** WHAT YOU ARE ASKED TO DO **
To complete this task, print all the data below exactly but leave out the images.

--- START ---

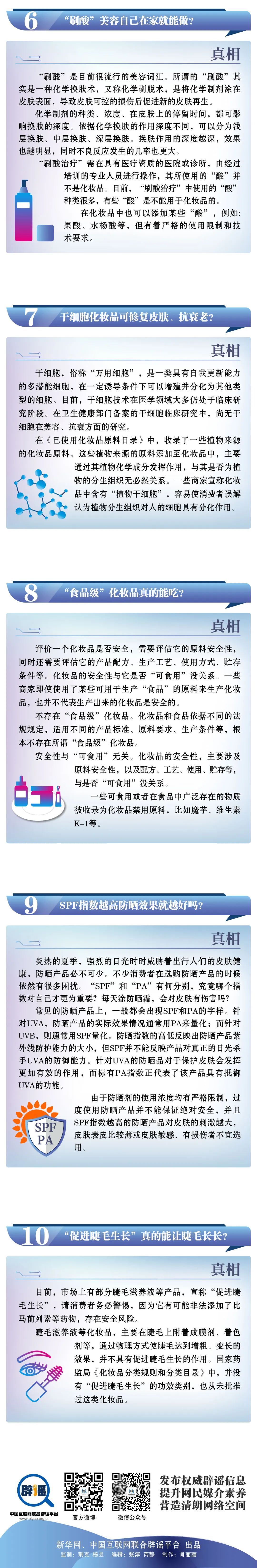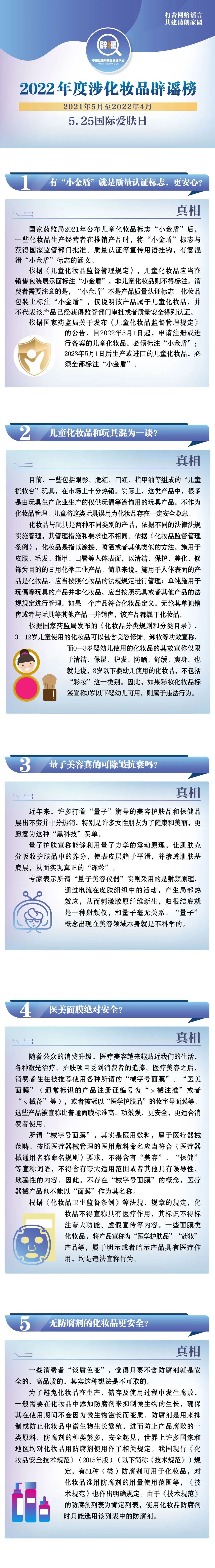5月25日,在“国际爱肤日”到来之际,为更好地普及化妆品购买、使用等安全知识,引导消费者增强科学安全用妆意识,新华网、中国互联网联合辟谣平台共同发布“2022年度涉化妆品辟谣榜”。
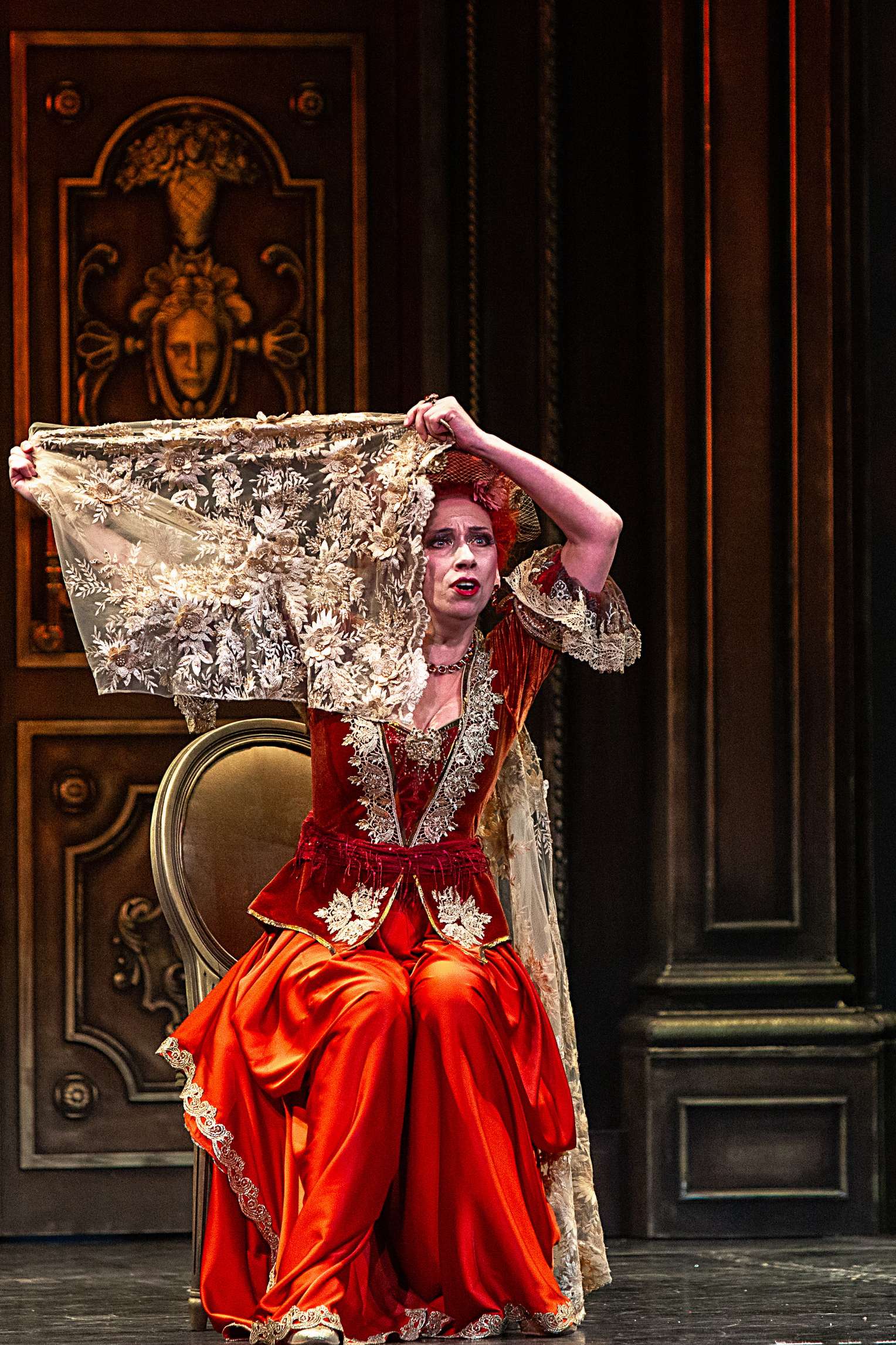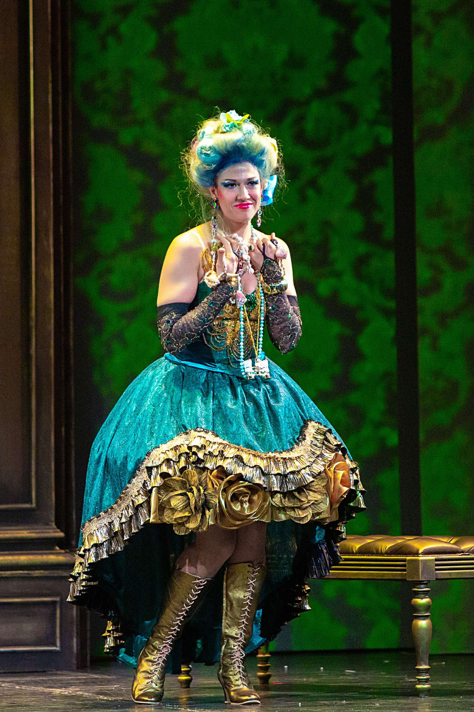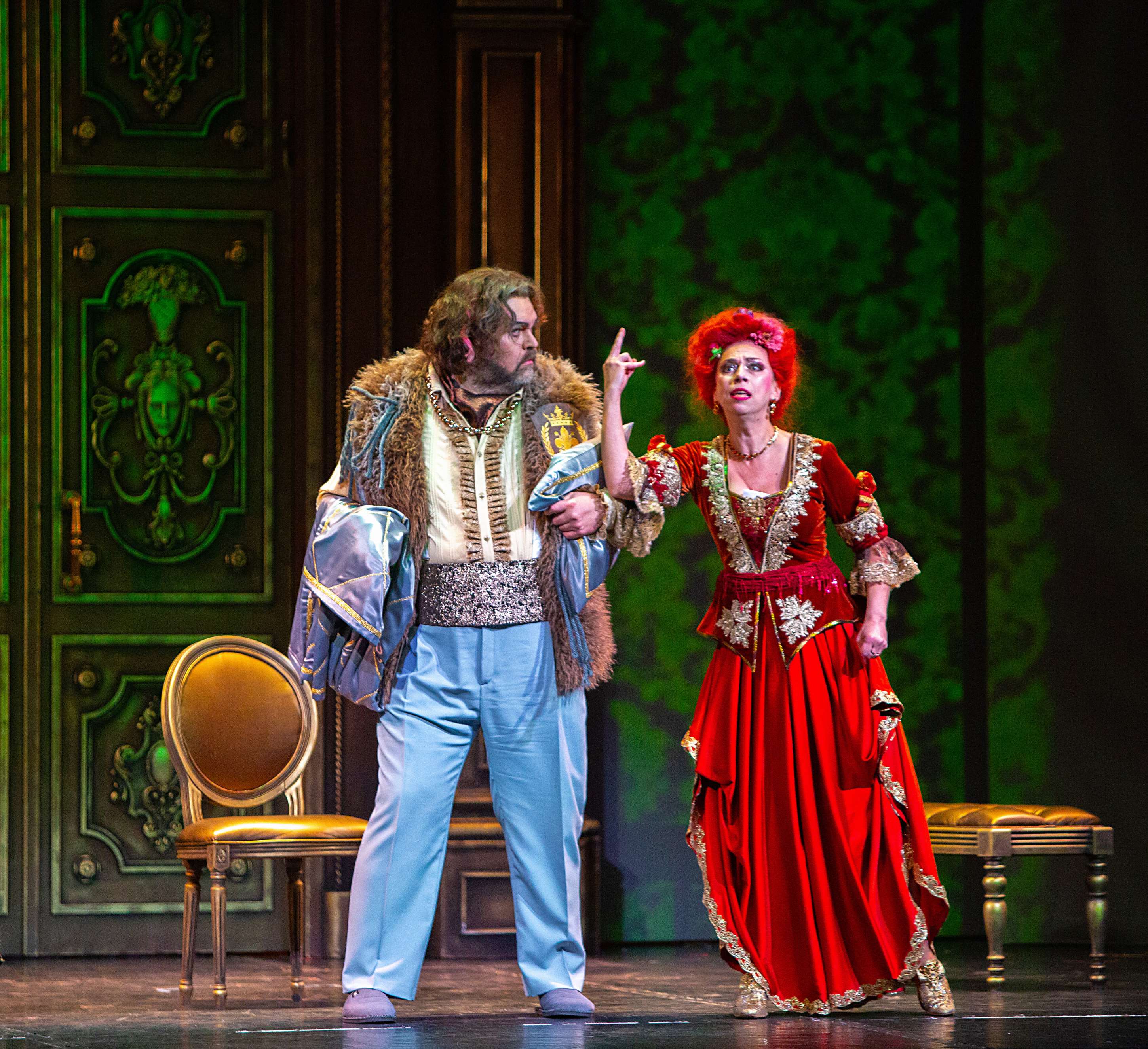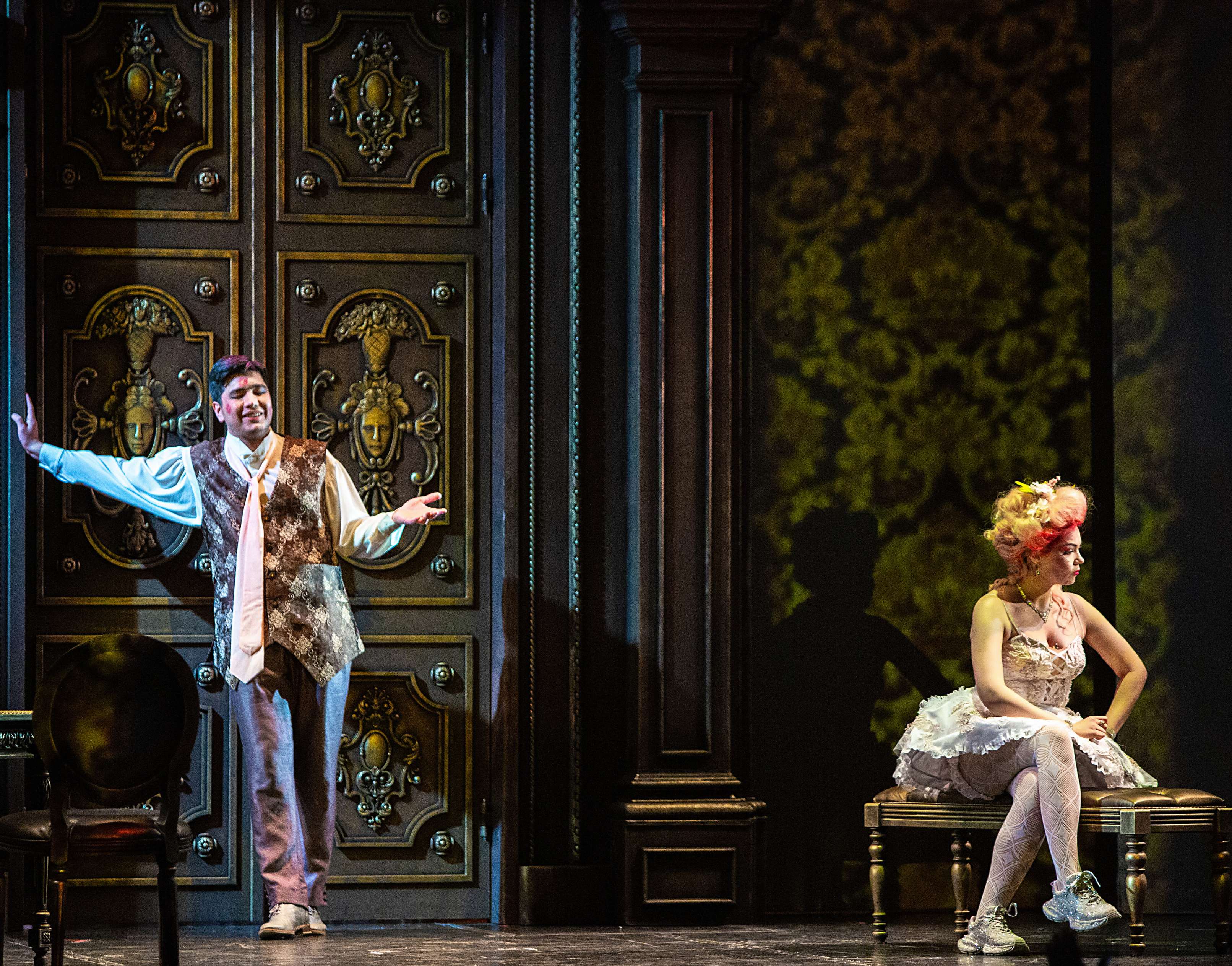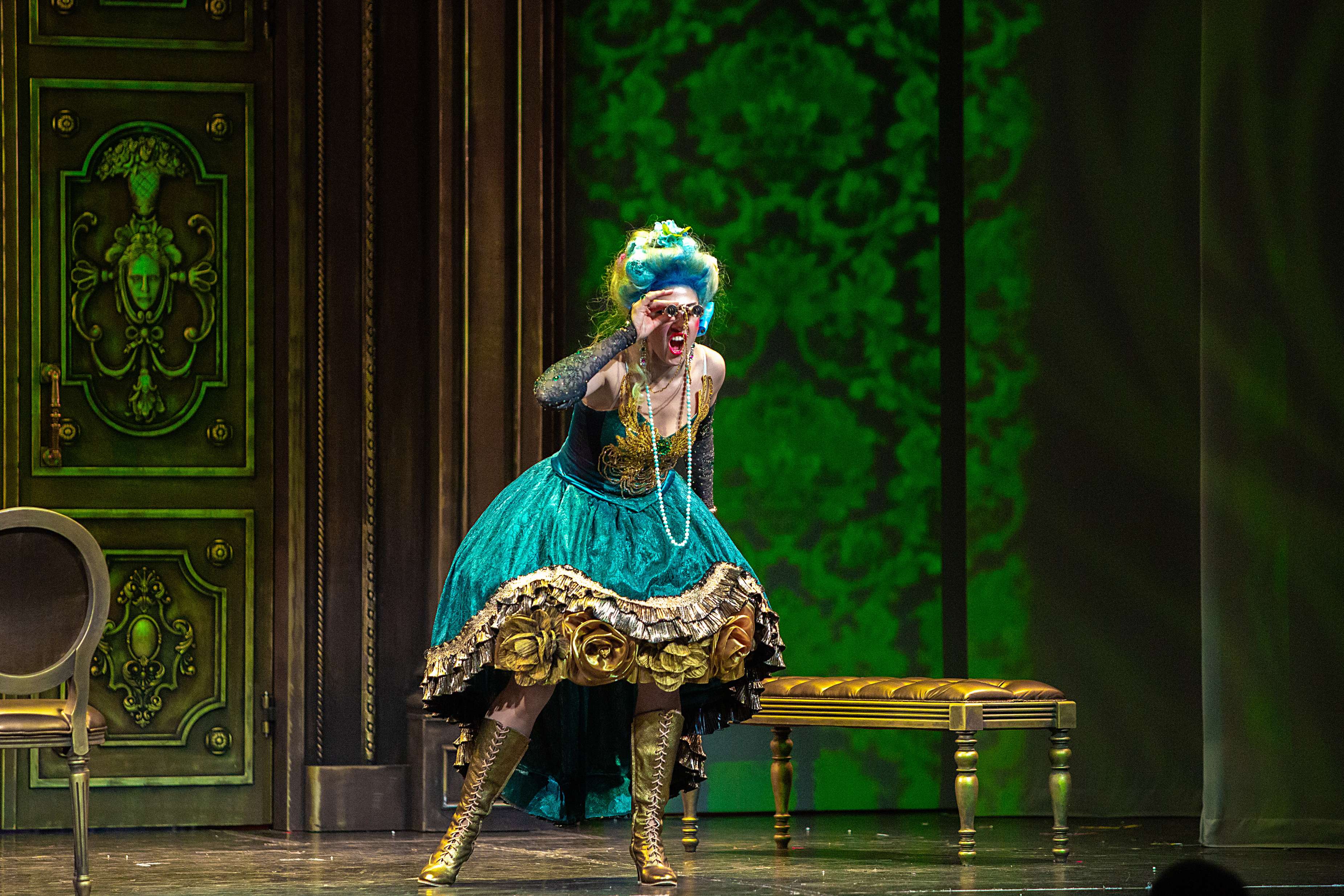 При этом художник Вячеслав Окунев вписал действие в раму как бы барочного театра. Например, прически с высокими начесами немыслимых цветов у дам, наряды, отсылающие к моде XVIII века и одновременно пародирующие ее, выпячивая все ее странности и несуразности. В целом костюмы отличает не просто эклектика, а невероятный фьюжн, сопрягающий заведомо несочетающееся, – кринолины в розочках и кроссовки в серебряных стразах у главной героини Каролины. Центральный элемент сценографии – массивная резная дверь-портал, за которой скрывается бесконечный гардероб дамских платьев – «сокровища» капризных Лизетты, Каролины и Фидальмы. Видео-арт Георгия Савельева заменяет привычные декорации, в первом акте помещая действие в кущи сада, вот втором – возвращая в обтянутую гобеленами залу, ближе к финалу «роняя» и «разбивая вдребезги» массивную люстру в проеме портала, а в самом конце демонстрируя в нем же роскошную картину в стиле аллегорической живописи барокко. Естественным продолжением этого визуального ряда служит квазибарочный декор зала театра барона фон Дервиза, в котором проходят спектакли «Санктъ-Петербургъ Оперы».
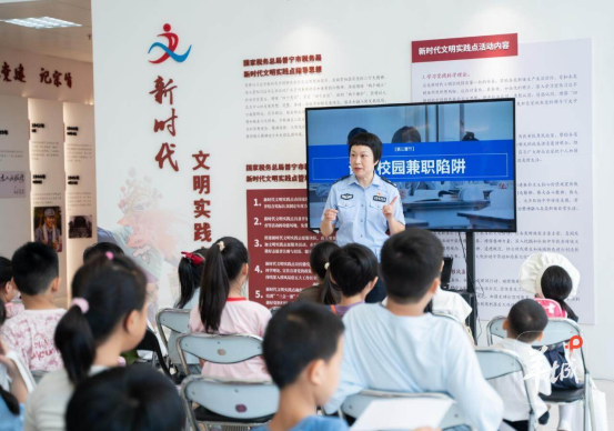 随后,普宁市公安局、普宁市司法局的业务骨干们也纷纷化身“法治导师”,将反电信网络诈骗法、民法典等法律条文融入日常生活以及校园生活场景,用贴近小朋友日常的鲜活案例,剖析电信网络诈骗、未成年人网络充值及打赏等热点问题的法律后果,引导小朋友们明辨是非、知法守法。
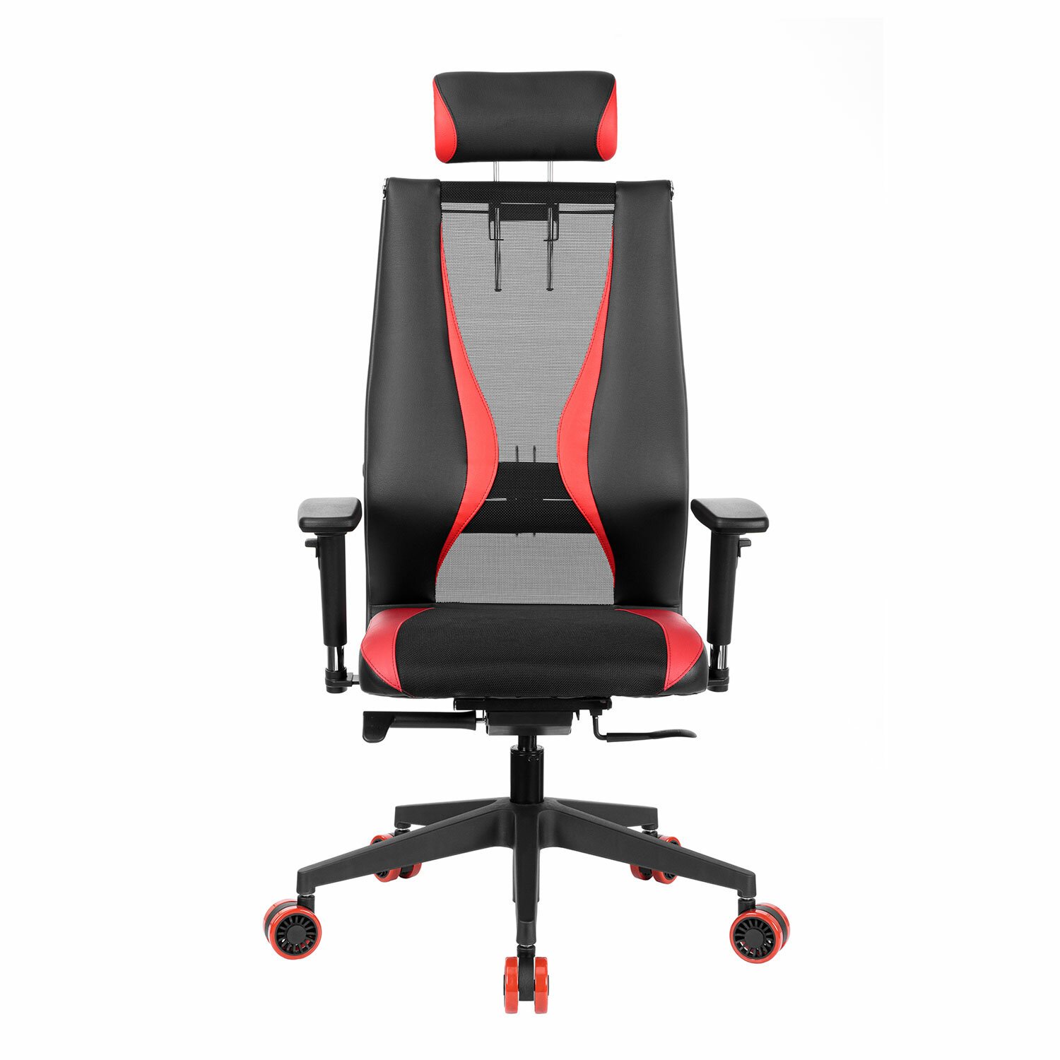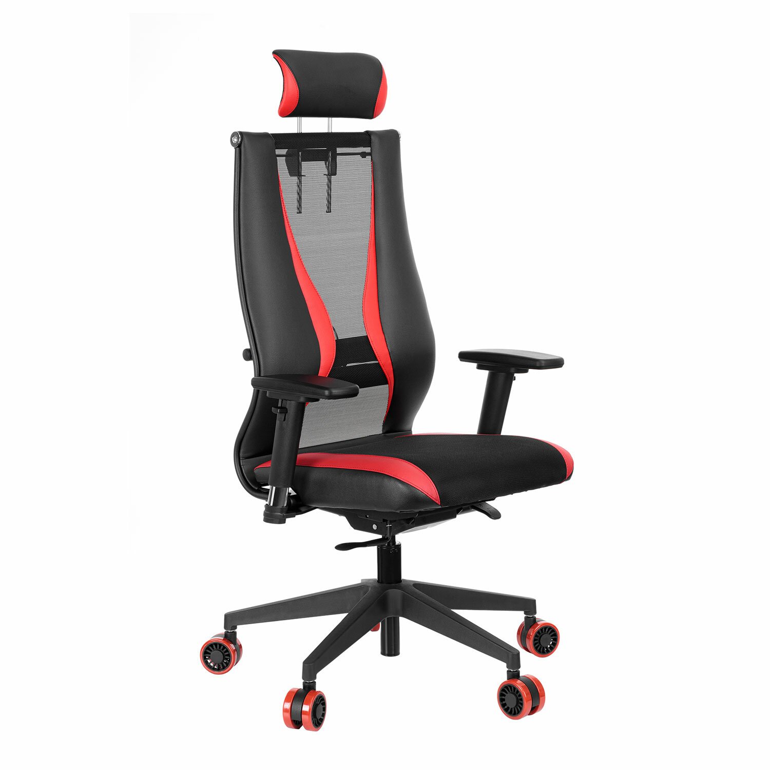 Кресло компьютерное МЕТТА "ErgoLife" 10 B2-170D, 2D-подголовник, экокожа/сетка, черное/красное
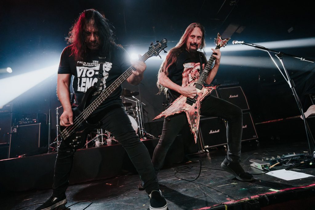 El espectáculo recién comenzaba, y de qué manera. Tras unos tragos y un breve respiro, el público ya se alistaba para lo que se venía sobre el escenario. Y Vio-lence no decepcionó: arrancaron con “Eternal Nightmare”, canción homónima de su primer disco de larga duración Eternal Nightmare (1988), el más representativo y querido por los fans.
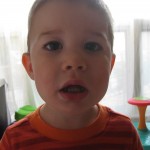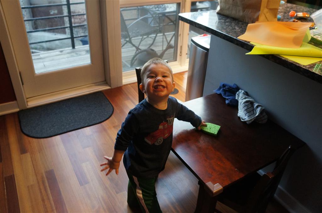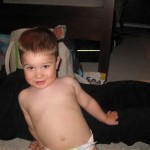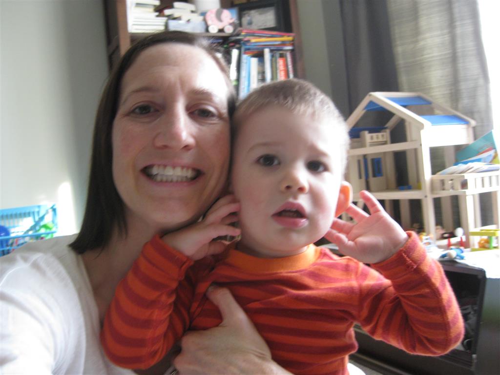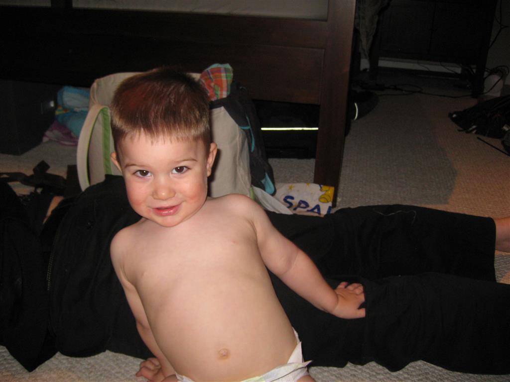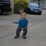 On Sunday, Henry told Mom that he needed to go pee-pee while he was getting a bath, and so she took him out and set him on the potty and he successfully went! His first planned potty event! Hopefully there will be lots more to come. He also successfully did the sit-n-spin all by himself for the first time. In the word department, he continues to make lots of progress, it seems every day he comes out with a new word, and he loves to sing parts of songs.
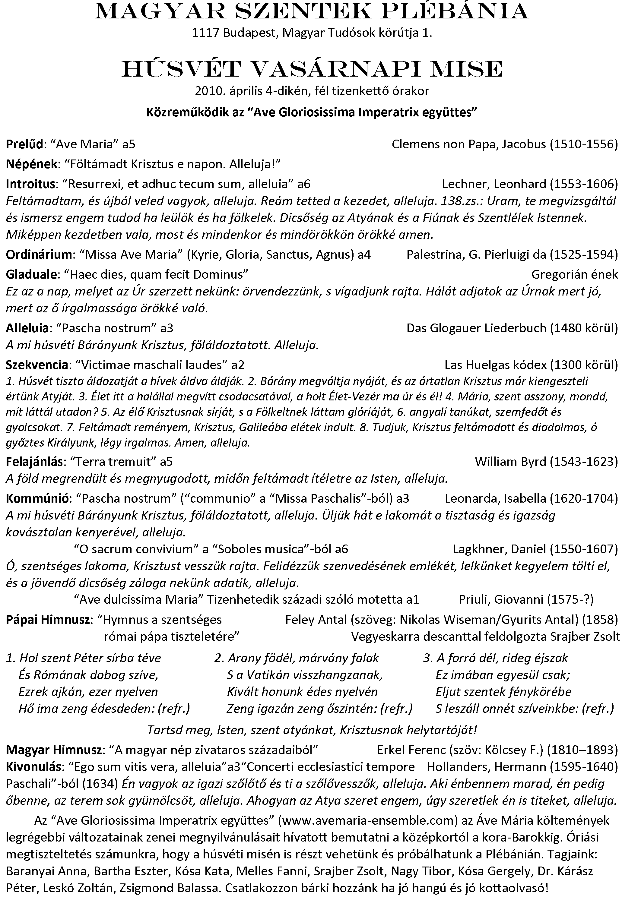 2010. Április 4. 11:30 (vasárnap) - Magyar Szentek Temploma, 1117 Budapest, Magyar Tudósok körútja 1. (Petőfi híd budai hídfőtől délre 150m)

--- END ---

** ANSWER TO THIS EXERCISE **
5月25日,在“国际爱肤日”到来之际,为更好地普及化妆品购买、使用等安全知识,引导消费者增强科学安全用妆意识,新华网、中国互联网联合辟谣平台共同发布“2022年度涉化妆品辟谣榜”。
 При этом художник Вячеслав Окунев вписал действие в раму как бы барочного театра. Например, прически с высокими начесами немыслимых цветов у дам, наряды, отсылающие к моде XVIII века и одновременно пародирующие ее, выпячивая все ее странности и несуразности. В целом костюмы отличает не просто эклектика, а невероятный фьюжн, сопрягающий заведомо несочетающееся, – кринолины в розочках и кроссовки в серебряных стразах у главной героини Каролины. Центральный элемент сценографии – массивная резная дверь-портал, за которой скрывается бесконечный гардероб дамских платьев – «сокровища» капризных Лизетты, Каролины и Фидальмы. Видео-арт Георгия Савельева заменяет привычные декорации, в первом акте помещая действие в кущи сада, вот втором – возвращая в обтянутую гобеленами залу, ближе к финалу «роняя» и «разбивая вдребезги» массивную люстру в проеме портала, а в самом конце демонстрируя в нем же роскошную картину в стиле аллегорической живописи барокко. Естественным продолжением этого визуального ряда служит квазибарочный декор зала театра барона фон Дервиза, в котором проходят спектакли «Санктъ-Петербургъ Оперы».
 随后,普宁市公安局、普宁市司法局的业务骨干们也纷纷化身“法治导师”,将反电信网络诈骗法、民法典等法律条文融入日常生活以及校园生活场景,用贴近小朋友日常的鲜活案例,剖析电信网络诈骗、未成年人网络充值及打赏等热点问题的法律后果,引导小朋友们明辨是非、知法守法。
 Кресло компьютерное МЕТТА "ErgoLife" 10 B2-170D, 2D-подголовник, экокожа/сетка, черное/красное
 El espectáculo recién comenzaba, y de qué manera. Tras unos tragos y un breve respiro, el público ya se alistaba para lo que se venía sobre el escenario. Y Vio-lence no decepcionó: arrancaron con “Eternal Nightmare”, canción homónima de su primer disco de larga duración Eternal Nightmare (1988), el más representativo y querido por los fans.
 On Sunday, Henry told Mom that he needed to go pee-pee while he was getting a bath, and so she took him out and set him on the potty and he successfully went! His first planned potty event! Hopefully there will be lots more to come. He also successfully did the sit-n-spin all by himself for the first time. In the word department, he continues to make lots of progress, it seems every day he comes out with a new word, and he loves to sing parts of songs.
 2010. Április 4. 11:30 (vasárnap) - Magyar Szentek Temploma, 1117 Budapest, Magyar Tudósok körútja 1. (Petőfi híd budai hídfőtől délre 150m)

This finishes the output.